Experts are warning you to guard your personal information and report any suspicious activity as unemployment fraud is costing the U.S. Government billions of dollars.

 “Based on the recent unemployment claims over the past year, scammers have looked at that as an opportunity to file unemployment claims in unsuspecting consumer’s names,” Chris Babin, with the Better Business Bureau of Acadiana, said. “Those that might have a social security number on, and that’s what we’ve been getting reports of is consumers getting aware of or getting notified that they filed for unemployment when they’re actually employed and haven’t filed at all.”

Scammers access the personal information they need for fake unemployment claims by purchasing it from the dark web.
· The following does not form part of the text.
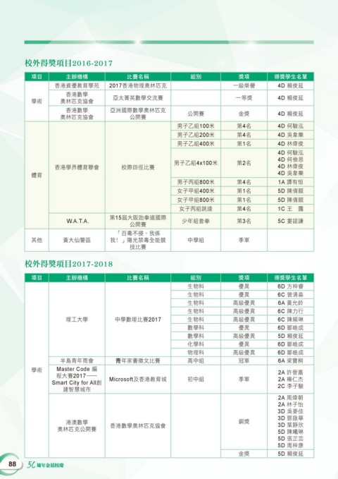項目 主辦機構 比賽名稱 組別 獎項 得獎學生名單

“The dark web… it’s like the secret internet. If and when your information is compromised, your social security number, your full name, date of birth,” Babin explained. “A lot of times, scammers don’t want to do anything with that but sell it to some type of scammer or some other unethical person, and a lot of times that’s where people are getting this information so once they’re able to obtain that, they’ve been filing different claims for unemployment in people’s names hoping to collect some funds from the state.”
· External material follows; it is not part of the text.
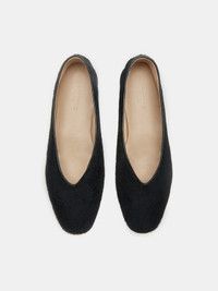 Regency Slipper, handcrafted in black calf hair, in a new sacchetto construction, with a soft cushioned calf leather insole and leather piping. 8mm heel. Made in Italy.

Scammers also use phishing techniques to steal consumer’s personal information for fake claims. Fake notifications are sent from financial institutions or government agencies to trick people into sharing their social security numbers and similar information.

“One of the biggest things that can happen is if somebody files unemployment in your name, of course, that’s an identity issue because they probably have your social security number,” Babin said. “But the other fact is that if and when you need to file unemployment because you’re actually unemployed, that could mess up a lot of those benefits for you in the future.” 

Here are some tips from the Better Business Bureau on how you can protect yourself against this type of scam:

  • Report suspicious notifications by letter or email to state and federal agencies as well as law enforcement. 
  • Check your credit report for unauthorized inquiries and accounts. An unemployment claim in your name means that scammers have your personal information.
  • Set up your transaction alerts with your bank or credit union. This ensures notification of any withdrawal above a dollar amount which you determine.